No entanto, de volta ao vídeo de Jonas Maria, ele reforça que a ideia não é eliminar os gêneros já existentes na língua (feminino e masculino) mas propor uma alternativa não marcada de gênero/sexo para pessoas.

“Essa não marcação servirá à diversas situações em que de fato o sexo/gênero da pessoa não é importante. Assim, eventualmente, ela também servirá às pessoas não binárias. Ou seja, a gente vai continuar usando ‘ele’, ‘ela’, mas ‘elu’ também, sendo que esse ‘elu’ pode ser uma pessoa trans ou não”, explica.

A linguagem neutra, não binária ou inclusiva não é uma imposição dos movimentos feministas ou LGBTQIA +, mas uma tentativa de inclusão de pessoas historicamente marginalizadas. Além disso, a proposta do gênero neutro visa abarcar tanto coletivos quanto pessoas que não encontram lugar no binarismo. 

Saiba mais: Todxs e todes: estudos indicam que a língua neutra diminui preconceitos

Mas a língua pode mudar?

Para pensar em mudar a língua, é preciso saber se ela aceita tais modificações. Para a professora, a resposta é sim. “A língua se acomoda às demandas de seus falantes. A gramática de hoje é a cristalização de usos bem aceitos de ontem”, pontua.
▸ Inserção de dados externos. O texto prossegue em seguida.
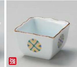
強 ウ059-067 錦丸紋 波瀾小鉢 8×8×5.1cm(100入・強) 1,800円
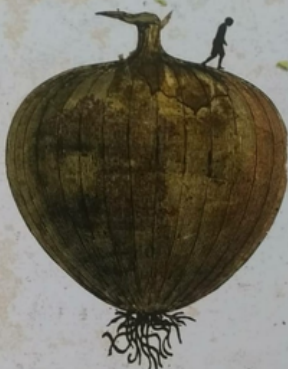
Libro de lágrimas

La creación literaria comenzó aquí. Con sorpresas e incertidumbre, también con muchos temores. Escribir literatura, pensar diferente, construir sentido de una forma diferente, el uso diferente del lenguaje, todo ello, significó un reto para todas. Empezar estos ejercicios de creación reestructuraron las formas de hacer y de pensar de cada una de nosotras. Pensar en literatura, en crearla es un ejercicio que requiere de práctica, una habilidad que se construye y que aún así, muchas veces no fluye tan fácil.
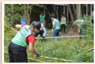
用电锯将竹子砍倒、将枝叶除掉后再砍成50厘米的长度
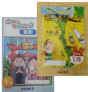
【使用教材】 ・「ジュニア予習シリーズ」

四谷大塚のオリジナル教材「ジュニア予習シリーズ」と「ホームワーク」を使用し、中学受験に向けて本格的な準備を行います。授業と毎日の「ホームワーク」を活用し、基本的な学習習慣の定着だけでなく、「考える習慣」の獲得を目指していきます。

Portanto, apesar de ser um processo longo e demorado, não significa que seja impossível ou mesmo que essa forma de linguagem não esteja presente no cotidiano das pessoas.

Em vídeo para o seu canal, a drag queen Rita Von Hunty, vivida pelo professor Guilherme Terreri, explica que a língua funciona como um organismo vivo em constante mudança.
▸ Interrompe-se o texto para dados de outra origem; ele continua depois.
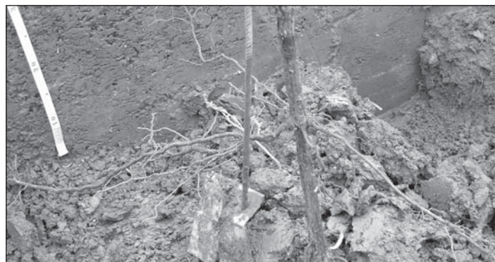
Obrázek 3 – Vedlejší kořeny zabezpečují příjem živin

SEGUIN (1986) v souvislosti se vztahem půdy a terroir uvádí, že pouze aktivní uhlíčan vápenatý je všeobecně spojený s kvalitou vína. Mnoho kvalitních vinic se nachází na vápenatých půdách. Vápník má velmi významný vliv na zlepšování strukturálních vlastností půdy. Naopak nepřítelem kvality vína a dobrého terroir je půda přehnojená dusíkem.

Raquel Freitag também salienta que esse processo ainda é alvo de muitos ataques e rejeição. “Na minha opinião, a maior razão para a rejeição é a percepção de que a hegemonia está sendo ameaçada pela substituição de uma forma por outra. E mais uma vez o feminino fica de fora”, ressalta.
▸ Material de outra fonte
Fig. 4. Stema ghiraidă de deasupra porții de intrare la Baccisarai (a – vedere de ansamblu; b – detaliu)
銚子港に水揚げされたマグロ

Em 2020, o vereador Carlos Bolsonaro apresentou projeto na Câmara do Rio de Janeiro para proibir o uso da linguagem neutra em escolas e concursos da Prefeitura. O caso não é isolado. Outras propostas do tipo tramitam na Câmara dos Deputados por representantes conservadores anteriormente ligados à “Escola sem Partido”.

Desafios linguísticos

Além dos confrontos ideológicos, a linguagem neutra também encontra desafios na língua falada e escrita. Um dos problemas é o uso de “x” e “@” em palavras como “todxs/tod@s” e “alunxs/alun@s”, que ainda persistem em algumas ocasiões. Além de impronunciáveis, tais formas também representam empecilhos à pessoas com déficit de atenção ou que são auxiliadas por leitores digitais. Portanto, atualmente se fala do uso de “e” ao invés dessas outras alternativas.

Além disso, vale destacar que outras formas linguísticas, como os memes, algumas abreviações e figuras de linguagem, também não são decodificadas por leitores digitais e, portanto, são um impedimento para pessoas com deficiência visual.

No entanto, outros desafios ainda permanecem em discussão entre especialistas da língua. Ao contrário do inglês, que já apresenta o gênero neutro, o português padrão é dividido apenas em gênero feminino e masculino, sendo este último usado como “neutro”. Logo, a implementação de um terceiro gênero exige mudanças que vão além do pronome, mas que são possíveis.

Foi nesse sentido que o especialista Luiz Carlos Schwindt propôs o estudo “Sobre gênero neutro em português brasileiro e os limites do sistema linguístico”. O documento é um texto explicativo que, dentre outras discussões, aborda como fazer uso da linguagem neutra, seja para profissionais da área, seja para pessoas interessadas.